### The records
□ □ □ □

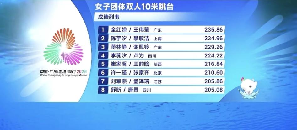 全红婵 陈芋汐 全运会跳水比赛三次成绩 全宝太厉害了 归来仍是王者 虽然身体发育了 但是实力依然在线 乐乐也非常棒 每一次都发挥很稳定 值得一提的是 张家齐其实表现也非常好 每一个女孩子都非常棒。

□ □ □ □

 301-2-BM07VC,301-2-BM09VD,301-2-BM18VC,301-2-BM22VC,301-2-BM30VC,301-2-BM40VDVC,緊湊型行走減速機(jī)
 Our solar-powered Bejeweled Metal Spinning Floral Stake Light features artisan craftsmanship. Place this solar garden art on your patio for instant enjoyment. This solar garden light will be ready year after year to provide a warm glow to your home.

□ □ □ □

Among the entries above, locate the lines containing "301-2-BM07VC,3" and "Our solar-powered Bejeweled", and transcribe exactly those two lines and all lines between.

### Exercise solution
 301-2-BM07VC,301-2-BM09VD,301-2-BM18VC,301-2-BM22VC,301-2-BM30VC,301-2-BM40VDVC,緊湊型行走減速機(jī)
 Our solar-powered Bejeweled Metal Spinning Floral Stake Light features artisan craftsmanship. Place this solar garden art on your patio for instant enjoyment. This solar garden light will be ready year after year to provide a warm glow to your home.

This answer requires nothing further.